Não é por causa dos atentados terroristas, por muito dolorosos que, material e
simbolicamente, eles sejam. O artigo citado em epígrafe ajuda a perceber essas
razões. Vale a pena, contudo, sublinhar dois aspectos que convém ter em mente
sempre que se aborda a questão islâmica.
Em primeiro lugar vem a natureza universalista do islão. Os seus
adeptos, como em tempos os cristãos, não o vêem como uma religião particular ao
lado de outras. O islão é a religião, a única verdadeira religião. Ela superou,
à maneira hegeliana, as limitações tanto do judaísmo como do cristianismo, que
são agora completados e suprimidos pela revelação islâmica. O islão não é
concebida pelos crentes, pelas elites religiosas e políticas, como um
particularismo cultural ao lado de outros particularismos. Esta vocação
universalista – com o desprezo do multiculturalismo, a pobre panaceia tão ao
agrado de certas correntes ocidentais – aliada à tradição político-militar
inerente à história da emergência e expansão da religião do profeta é a fonte
de todos os problemas. Existe a convicção de que se conhece e possui a verdade,
que esta tem um valor absoluto e que é lícito impor essa verdade a quem quer
que seja, pelos métodos consagrados pelo próprio islão, dos quais a violência
não está arredada. Podemos todos olhar para o lado e fingir que isto não
existe, mas muitos milhões de seres humanos acreditam nisso e não mexerão um
dedo para defender o direito de outros a possuírem convicções diferentes.

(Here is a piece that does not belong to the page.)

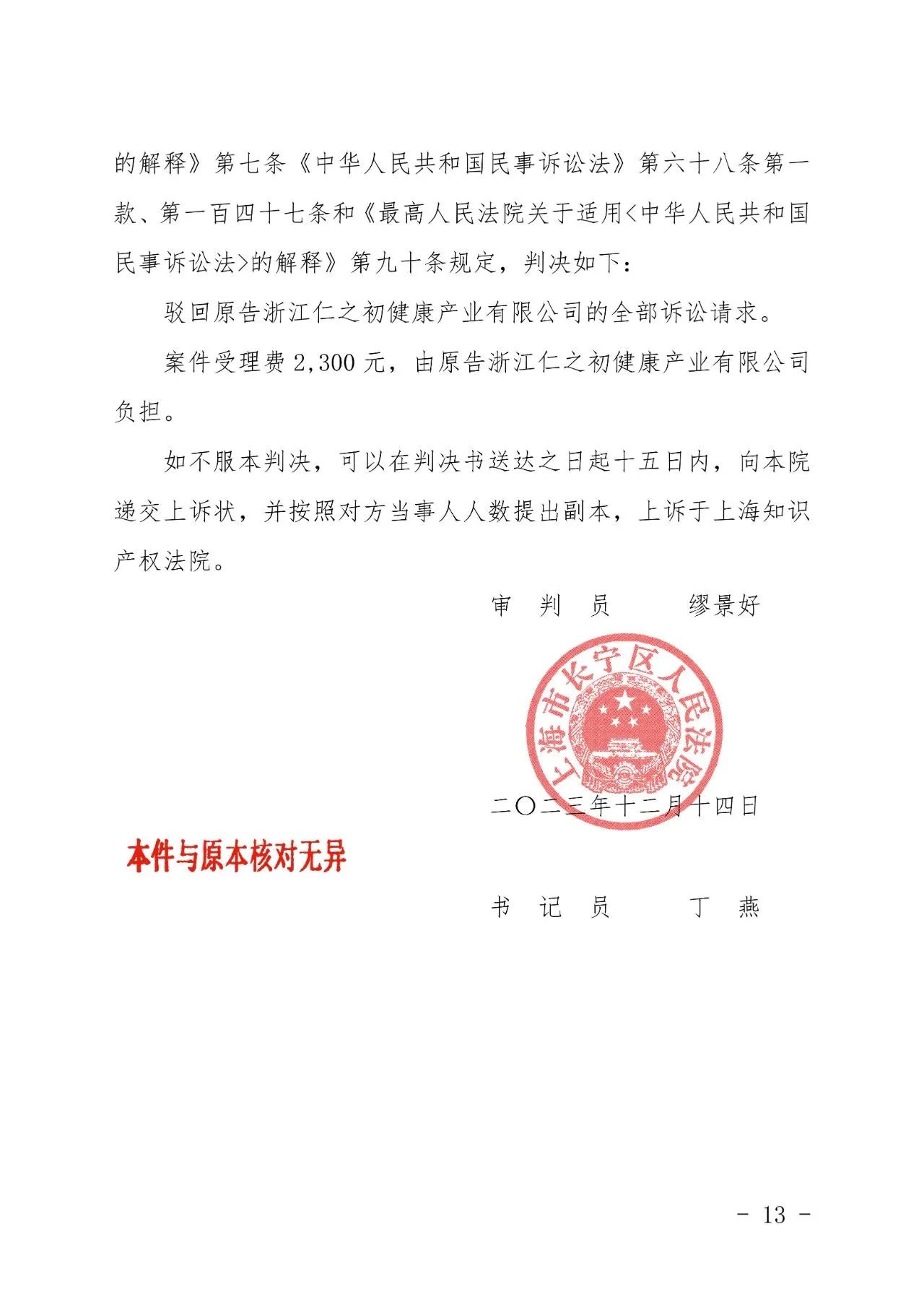 北海辉知胜诉佳讯 | “仁之初健康”著作权及不正当竞争纠纷案,法院:驳回全部诉讼请求!

Em segundo lugar vem a questão do nosso relativismo. A relativização
que fizemos de todos os valores foi a forma de encontrarmos uma convivência
pacífica entre nós. Isso permitiu, antes de tudo, a convivência entre as
diferentes interpretações do cristianismo, e levou, de seguida, à possibilidade
do pluralismo político e, não menos importante, a um pluralismo ético, onde projectos
de vida completamente diferentes existem lado a lado, sem que se sinta a necessidade
de se impor globalmente uma forma de vida verdadeira. Este relativismo, que
caracteriza a modernidade e é visto pelos ocidentais como virtuoso e a fonte da
sua força, é inaceitável pelo islão. Essa não aceitação, por outro lado,
conjuga-se com a suspeita, por muitos sectores muçulmanos, de que essa é uma fraqueza
do ocidente, fraqueza essa que, do ponto de vista estratégico, deve ser
explorada, para que, num futuro mais ou menos próximo, a única religião
verdadeira se possa impor.
O que está assim em jogo é o conflito entre aqueles que crêem estar na
posse de uma verdade absoluta e aqueles que, pela experiência e pelos seus
próprios fundamentos culturais, aprenderam a relativizar as suas crenças, ao
instalar o princípio crítico-racional como motor de todas as crenças. O islão é
um problema não tanto, como se disse atrás, por causa do terrorismo. Este –
como outros terrorismos que já assolaram a Europa – é apenas a face mais
ostensiva e violenta da crença ingénua (não criticada) de que se possui uma
verdade absoluta, a qual deve ser imposta, custe o que custar. Temos um problema que provavelmente será, por muito tempo, irresolúvel.